--- ACTION ITEM ---
Out of the material that follows, write out exactly the lines from the line with "처음에 설치하면 CDB와 XEPDB1이라는게 있다." to the line with "此時,在溫縣殯儀館到溫縣烈士", both ends included, and no others.

--- DATA IN THIS EXERCISE ---
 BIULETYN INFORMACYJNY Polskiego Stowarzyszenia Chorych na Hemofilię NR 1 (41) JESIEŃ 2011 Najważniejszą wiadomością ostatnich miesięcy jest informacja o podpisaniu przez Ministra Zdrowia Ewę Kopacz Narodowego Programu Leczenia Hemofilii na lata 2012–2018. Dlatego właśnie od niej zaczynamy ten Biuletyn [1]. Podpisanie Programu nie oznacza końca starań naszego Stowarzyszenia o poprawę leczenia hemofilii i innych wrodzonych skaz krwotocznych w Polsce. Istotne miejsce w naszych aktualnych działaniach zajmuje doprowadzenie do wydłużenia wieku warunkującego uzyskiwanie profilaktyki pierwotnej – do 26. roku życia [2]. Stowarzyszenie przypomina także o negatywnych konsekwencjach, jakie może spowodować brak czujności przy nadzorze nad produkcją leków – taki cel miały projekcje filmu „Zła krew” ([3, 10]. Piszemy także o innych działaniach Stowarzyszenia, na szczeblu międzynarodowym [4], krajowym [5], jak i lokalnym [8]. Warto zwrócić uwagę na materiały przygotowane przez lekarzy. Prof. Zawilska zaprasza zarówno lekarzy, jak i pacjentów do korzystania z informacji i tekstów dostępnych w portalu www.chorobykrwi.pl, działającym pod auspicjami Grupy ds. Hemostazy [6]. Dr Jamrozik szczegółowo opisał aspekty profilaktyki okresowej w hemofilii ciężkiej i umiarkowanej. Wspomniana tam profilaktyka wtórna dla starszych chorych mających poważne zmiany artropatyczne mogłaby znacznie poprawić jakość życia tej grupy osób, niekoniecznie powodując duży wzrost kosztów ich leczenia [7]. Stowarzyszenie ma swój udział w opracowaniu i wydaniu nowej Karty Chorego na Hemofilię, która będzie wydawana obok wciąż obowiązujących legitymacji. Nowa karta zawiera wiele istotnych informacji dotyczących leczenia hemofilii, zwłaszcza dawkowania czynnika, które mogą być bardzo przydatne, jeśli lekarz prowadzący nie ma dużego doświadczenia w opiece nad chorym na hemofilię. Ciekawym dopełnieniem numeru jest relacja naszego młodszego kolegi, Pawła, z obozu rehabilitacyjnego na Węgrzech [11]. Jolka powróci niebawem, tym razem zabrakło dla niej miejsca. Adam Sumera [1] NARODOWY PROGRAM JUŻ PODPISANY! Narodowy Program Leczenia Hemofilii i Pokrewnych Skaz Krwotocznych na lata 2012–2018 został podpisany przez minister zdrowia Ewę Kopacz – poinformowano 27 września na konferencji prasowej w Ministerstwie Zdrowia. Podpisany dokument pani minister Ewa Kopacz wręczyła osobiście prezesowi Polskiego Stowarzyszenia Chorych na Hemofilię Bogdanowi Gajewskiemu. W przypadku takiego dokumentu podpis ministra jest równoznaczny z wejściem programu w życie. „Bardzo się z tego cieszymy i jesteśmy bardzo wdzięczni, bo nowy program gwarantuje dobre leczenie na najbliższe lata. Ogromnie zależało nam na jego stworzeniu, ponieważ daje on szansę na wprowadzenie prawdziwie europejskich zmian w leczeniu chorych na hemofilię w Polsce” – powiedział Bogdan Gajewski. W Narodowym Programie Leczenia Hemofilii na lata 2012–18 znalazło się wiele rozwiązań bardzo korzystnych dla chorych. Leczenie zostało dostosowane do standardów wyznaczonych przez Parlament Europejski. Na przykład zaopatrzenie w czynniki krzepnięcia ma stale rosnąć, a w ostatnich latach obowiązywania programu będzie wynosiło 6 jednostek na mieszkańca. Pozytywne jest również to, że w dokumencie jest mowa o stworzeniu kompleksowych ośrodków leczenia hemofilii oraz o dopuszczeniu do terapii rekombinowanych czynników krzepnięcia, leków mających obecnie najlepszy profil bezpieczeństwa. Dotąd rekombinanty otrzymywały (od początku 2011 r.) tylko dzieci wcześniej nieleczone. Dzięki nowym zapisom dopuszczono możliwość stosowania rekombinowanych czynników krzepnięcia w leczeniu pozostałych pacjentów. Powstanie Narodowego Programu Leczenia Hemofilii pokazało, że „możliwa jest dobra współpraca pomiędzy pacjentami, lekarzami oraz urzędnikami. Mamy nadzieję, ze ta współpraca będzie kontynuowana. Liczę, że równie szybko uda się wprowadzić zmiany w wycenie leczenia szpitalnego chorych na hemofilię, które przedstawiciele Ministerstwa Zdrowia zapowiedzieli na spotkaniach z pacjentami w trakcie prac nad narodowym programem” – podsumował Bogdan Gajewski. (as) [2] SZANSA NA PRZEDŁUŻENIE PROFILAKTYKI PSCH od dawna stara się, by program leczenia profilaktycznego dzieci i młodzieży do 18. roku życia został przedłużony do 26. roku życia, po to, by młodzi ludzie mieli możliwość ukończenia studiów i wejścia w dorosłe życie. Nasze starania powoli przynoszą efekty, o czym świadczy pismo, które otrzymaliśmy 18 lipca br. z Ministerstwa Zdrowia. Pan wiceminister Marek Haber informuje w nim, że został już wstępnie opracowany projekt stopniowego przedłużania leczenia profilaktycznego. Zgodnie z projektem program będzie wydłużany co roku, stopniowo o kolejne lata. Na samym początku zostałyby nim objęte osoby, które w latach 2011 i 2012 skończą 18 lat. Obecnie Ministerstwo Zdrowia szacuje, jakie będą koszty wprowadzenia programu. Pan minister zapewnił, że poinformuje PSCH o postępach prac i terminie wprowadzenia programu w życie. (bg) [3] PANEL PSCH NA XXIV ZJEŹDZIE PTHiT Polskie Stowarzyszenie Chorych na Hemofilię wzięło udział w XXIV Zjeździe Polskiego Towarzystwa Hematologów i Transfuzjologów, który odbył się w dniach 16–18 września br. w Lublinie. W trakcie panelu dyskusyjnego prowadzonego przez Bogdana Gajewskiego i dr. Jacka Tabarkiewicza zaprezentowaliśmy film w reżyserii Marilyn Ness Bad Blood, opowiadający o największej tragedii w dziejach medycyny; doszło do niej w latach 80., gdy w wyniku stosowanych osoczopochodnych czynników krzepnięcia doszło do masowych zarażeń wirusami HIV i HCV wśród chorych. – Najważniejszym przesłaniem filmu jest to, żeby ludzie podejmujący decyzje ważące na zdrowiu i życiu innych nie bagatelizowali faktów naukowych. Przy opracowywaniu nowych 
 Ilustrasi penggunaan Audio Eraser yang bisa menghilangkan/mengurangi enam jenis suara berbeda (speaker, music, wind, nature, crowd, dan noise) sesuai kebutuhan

...

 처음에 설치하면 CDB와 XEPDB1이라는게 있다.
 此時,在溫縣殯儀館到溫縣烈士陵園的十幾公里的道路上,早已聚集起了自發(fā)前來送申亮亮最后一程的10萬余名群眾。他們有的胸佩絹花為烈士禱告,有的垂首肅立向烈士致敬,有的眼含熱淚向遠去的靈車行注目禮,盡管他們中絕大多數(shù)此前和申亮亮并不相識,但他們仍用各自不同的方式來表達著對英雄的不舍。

==

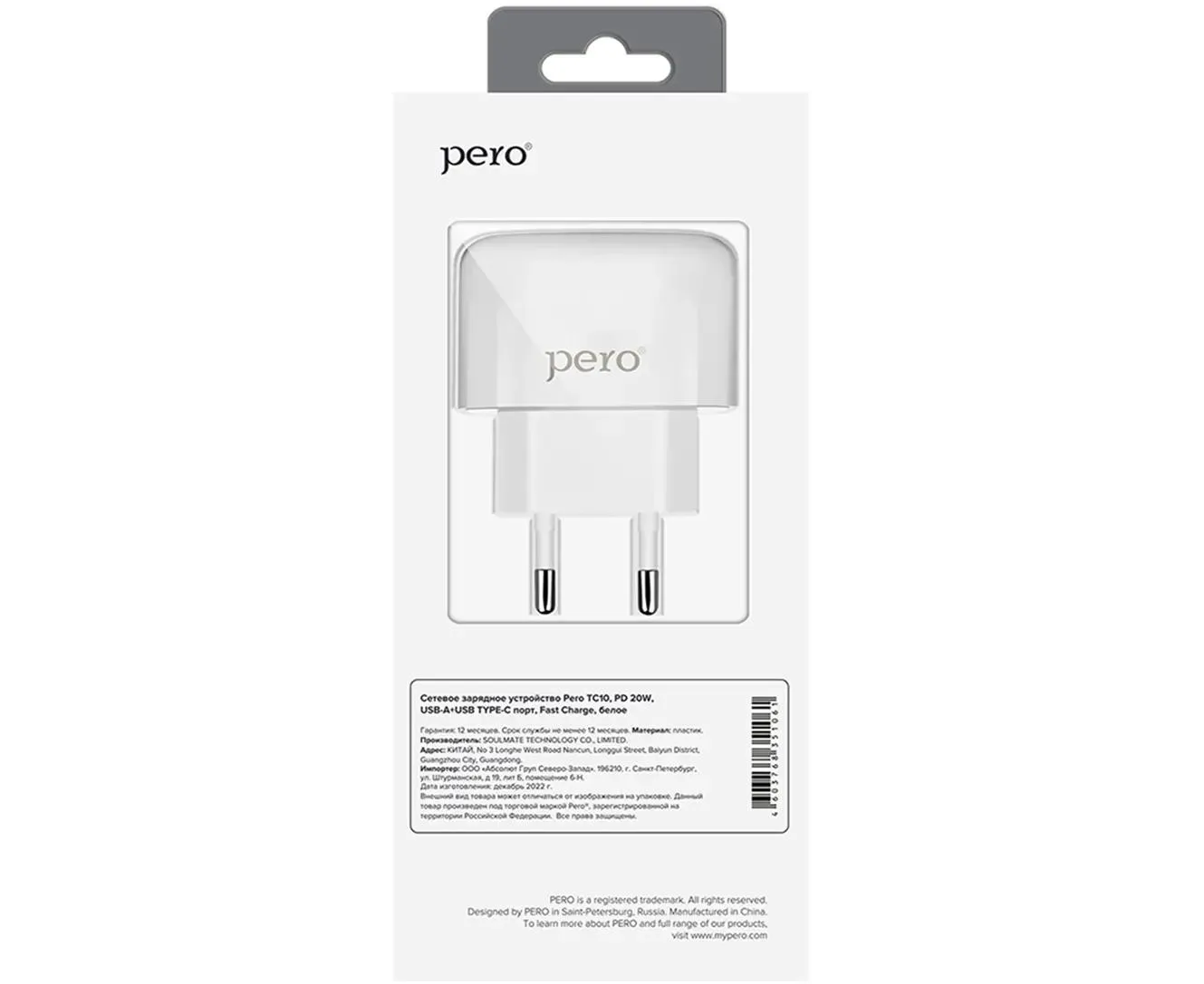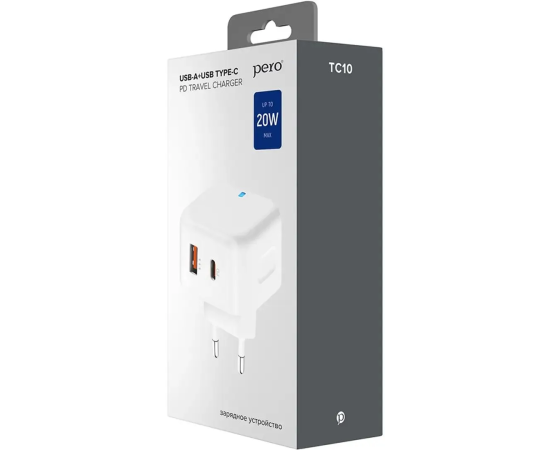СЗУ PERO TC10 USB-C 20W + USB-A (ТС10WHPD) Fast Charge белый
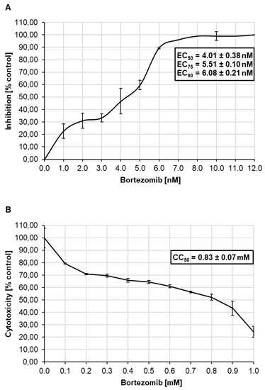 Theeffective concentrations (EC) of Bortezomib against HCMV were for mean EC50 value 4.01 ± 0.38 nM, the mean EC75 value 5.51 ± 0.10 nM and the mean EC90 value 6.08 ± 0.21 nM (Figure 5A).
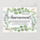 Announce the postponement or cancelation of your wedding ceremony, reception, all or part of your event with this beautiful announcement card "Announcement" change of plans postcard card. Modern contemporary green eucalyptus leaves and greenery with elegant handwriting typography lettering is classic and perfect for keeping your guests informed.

--- EXPECTED ANSWER ---
 처음에 설치하면 CDB와 XEPDB1이라는게 있다.
 此時,在溫縣殯儀館到溫縣烈士陵園的十幾公里的道路上,早已聚集起了自發(fā)前來送申亮亮最后一程的10萬余名群眾。他們有的胸佩絹花為烈士禱告,有的垂首肅立向烈士致敬,有的眼含熱淚向遠去的靈車行注目禮,盡管他們中絕大多數(shù)此前和申亮亮并不相識,但他們仍用各自不同的方式來表達著對英雄的不舍。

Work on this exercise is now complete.